6. The variety of disciplines available
7. The love my horses show me everyday

Monday, March 3, 2014

Amish Roots Shine

Winter decided to remind us that it is not over yet with another snow storm. This one had less snow, but more ice. After a two hour drive, we found a car off the driveway blocking the way. I got out to see what the situation was and to start working on the horses. Eventually, Mom was able to make it up the hill to park. We left the horses inside since rain came before the snow. They all were hungry, but settled. I gave them some hay to tide them over and started on the stalls.
I cleaned DaVinci and Roscoe's stall into our little spreader and Mom had pitched to doorways to pick up later. The snow prevents us from being able to use our tractor to pull the spreader, so normally we would have this sitting until the snow clears. I started thinking about rigging something for me to drag the manure out to the big cornfields to dump. We have a bucket of the wheelbarrow Winston broke when he fell last year. As we talked about how to use it, we contemplated having Rosemary drag it for us. The wheels began to turn.
Peggy gave us a single tree awhile ago that can be used in situations like this. So we ran a rope through the holes in the wheelbarrow and tied to the metal loop on the single tree. I would have loved to have a solid clip to use, but we did not have one at hand. Her traces attach to the tree on the ends. To test it out we just put hay in the wheelbarrow to put out in the fields. Mom put on her blinkers and breast collar, the only pieces of harness needed. Then we used a lunging surcingle to hold on a quarter sheet. It was freaking cold so that was a necessity. A halter completed the set up. We attached the traces and began to asked her to move.
Spur of the moment, after a night inside, not having driven in ages, Rosemary took to the task like she had done it before.
Short video of the first run:
The traces hit her legs, the wheelbarrow made noises, but she listened so well. Heck the hardest part was keeping up with her. She powered through the snow. Her Amish workhorse roots were definitely shining. She was so happy to do the work. Success!

We took off her harness pieces and put a cooler on over the quarter sheet to keep her warm while we finished stalls and fed the horses. To help with the next load we put trace extenders, little pieces with buckles, on the single tree.
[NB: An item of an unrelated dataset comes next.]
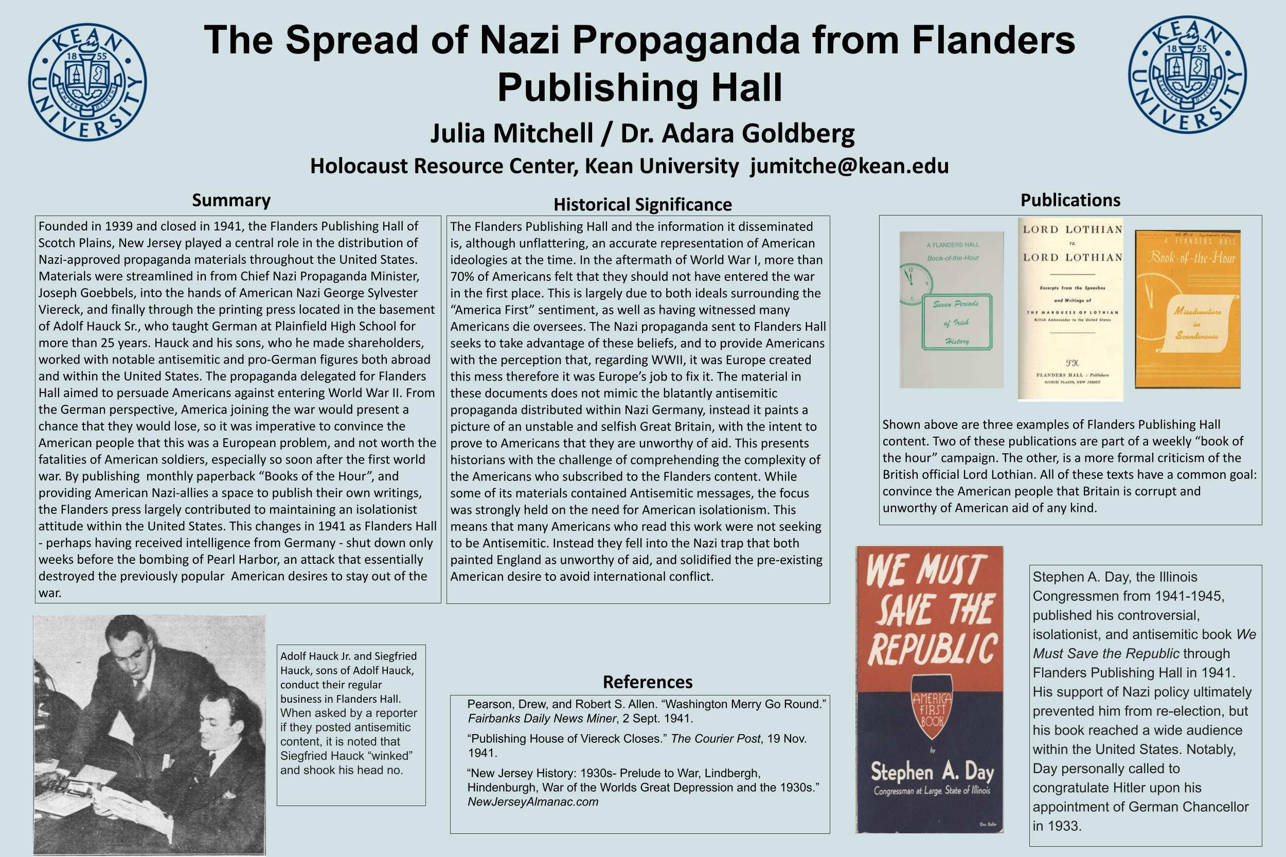 Flanders Hall stands out as a unique manifestation of American isolationism and pro-Nazi efforts following World War I, and highlights the Nazi state’s desire to keep America from entering the war. Laced with antisemitic rhetoric, the propaganda published by Flanders Hall largely focused on delegitimizing Great Britain and urging Americans not to support them in the war. This research study showcases the methods and variety of the Nazi propaganda targeted towards Americans from 1939 to 1941, ending immediately before the bombing of Pearl Harbor.

This way when we need to detach from Rosemary it is easy as unbuckling the traces. With three stalls loaded in the wheelbarrow, I pulled it out of the barn beyond where the vehicles were parked while Mom got her dressed. Then we had to wait for the snow blower to go away. She cocked a leg, waiting to go.
This time went just as smoothly as the first. We made to the cornfield, unbuckled her and I dumped the load. We let her go back without pulling. I took that job. The funny thing was that she was better behaved when she was hooked. The night spent inside showed itself on the walk back to the barn, silly girl.
I love that we can utilize her training for practical purposes and she is so satisfied with the work.